A couple of days ago I got a mailing with coupons for a new franchise called PrimoHoagies. It’s been awhile since I had been to a ‘new’ restaurant so we figured we would give them a try after the movie. Bad decision as it seems they were giving a free hoagie away to anyone who signed up on their web page and they wouldn’t honor the coupons. (See further down.)
They have 30 different hoagies in 3 different sizes which can make for confusion and long lines, when they are free and though the lines weren’t long there was confusion. Also, unlike Subways none of their hoagie making items were readily visible. Along with everything else you had to fill out the application for their web page.

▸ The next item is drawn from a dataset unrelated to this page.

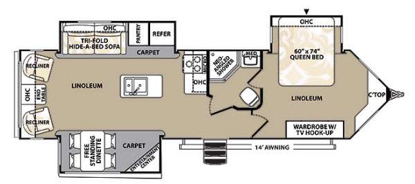 As you enter the travel trailer, to the left there is a slide with a corner entertainment center and a free-standing dinette. Along the rear wall there are two recliners and an end table. The other slide offers a tri-fold hide-a-bed sofa, pantry, and refrigerator. Next to the slide there is a three burner range, and microwave. You will even find a kitchen island which has extra counter space and a double kitchen sink.

In any case I ordered the Italian Hoagie consisting of proscuitto, provolone cheese, capicola, salami, lettuce, tomato and onions served on a sesame roll–there was no choice of breads or condiments. The sandwich came tightly wrapped and packed to go though we were eating it there on one of their 5 small indoor tables. They did have some outside tables but we don’t sit outside in August in Fort Lauderdale! Even with the mixture of meats and vegetables it was a dry, tasteless sandwich.
Allen ordered ,and paid $8.59 for since he won’t subscribe to a web page, a old fashioned meatball hoagie. Somehow or another they ‘lost’ his and/or gave it to someone else by mistake. Considering he had to wait 30 minutes more, paying for a sandwich, than I did who got it free, the manager should have picked up his check.
In any case his sandwich consisting of grated Parmesan and Romano cheeses on meatballs and a very light amount of sauce, if any, was dry and tasteless.
Maybe because it was opening day or mismanagement the food wasn’t up to par so I’ll be heading back to Subways next time or, even better, for a full service restaurant with homemade subs it will be to Big Louie’s.
By the way–maybe a sign–the adddress is 666 and the air conditioning wasn’t working!